For one, an ideal dance band won't demand much, but they will demand that you liberate your booty. They could care less about your mind, your sorrows, or how much mascara you've been able to steal from Macy's; they care about you getting your ass out there and burning some calories. In this function, Men, Women, & Children succeed. Come on, their opener, "Dance In My Blood," is 4:18 of celebratory explosiveness and shouts for no-strings-attached insanity. "You don't need a reason/to get out on the dance floor?" It doesn't get much more direct than that. It's a mission statement to which I would attach myself! The other numbers on this album aren't as forcefully demanding in their tone, but the vocals are used as inconspicuous layered instruments in the more overwhelming final product. There are times when the banality of the lyrics become aggravating due to sheer repetition ("Who Found Mr. Fabulous" and "Monkey Monkee Man," for example, would exist in two dimensions if they were any more thin), but these times are generally immaterial. Dance music in general - especially disco - has long used some nice vocal hooks, but the lyrical depth was never that fundamental to the agenda. At least they didn't decide to make an ill-conceived ballad or a slow jam to kill the buzz. It's a constant throwdown where the style outweighs the substance on a massive scale.

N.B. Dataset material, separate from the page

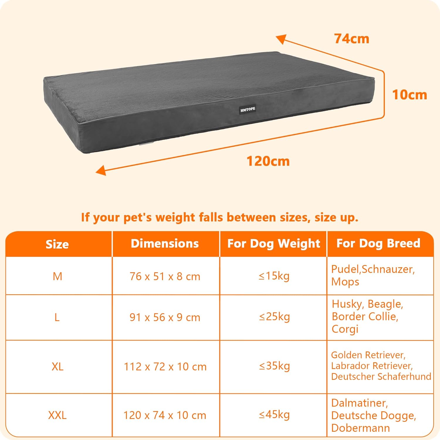 Ортопедично легло за кучета, възглавница за големи кучета с дебелина 10 см, сваляща се и переща се подложка за кучета, неплъзгаща се долна страна, водоустойчива подплата, 120 см, тъмносиво

Now, on to the most important facet of dance music: the tunes! The bouncy guitars, the drum licks and tight basslines that inspire office drones to do "The Worm," the electronic loops and samples that add the gloss to the mix. All of the usual suspects are here. Boy, are they ever. Outside of acts that classify themselves as electronica or techno, rarely have I ever heard so many sounds squeezed into about 40 minutes of space and time. "The Name of the Train is Hurricane" is an undulating collage of guitars (courtesy of a Glassjaw alum), multi-tracked falsetto, and synth squeezings that layer track upon track on themselves until there's seemingly a paradoxical singularity of rhythm. "Messy" and "Lightning Strikes Twice in New York" are two more numbers that typify their "you can never have enough" formula. For the most part, Men, Women, & Children are able to transmit their virulent brand disco fever. The shortcomings occur when overdone vocals collide with vacuous guitar loops and needless bells and whistles to make the music sound like Good Charlotte taking ecstasy in a seedy alley. The only cure for that is to press stop. Honestly, it's just as disconcerting as it sounds when it happens. Searching for specific songs generates problems as well. Due to the above-mentioned amount of production, a lot of the songs tend to blend into one another to form a shapeless blob of throwback kitsch. It goes to show that it's not a problem if you borrow a retro ideal, but it becomes an issue when what you borrow one technique and use it twelve times.

The final standard by which I judge albums suitable for dance parties is whether or not they have replay value. Do you want to hear this again? Is this an album that leaves your feet aching for more of the same punishment as they just endured? The answer here is...not really. This is the biggest disappointment of Men, Women, & Children. As you listen to it, it's infectious in its presentation and execution; after the strobe lights turn off and you're forced to go home, though, the reality sets in that you can hardly take any of these songs with you. It's analogous to your high school prom. There's a lot of glitter-laden fun and you have a damn good time shaking what was given to you via genetics...but when all is said and done, you remember everything but the music.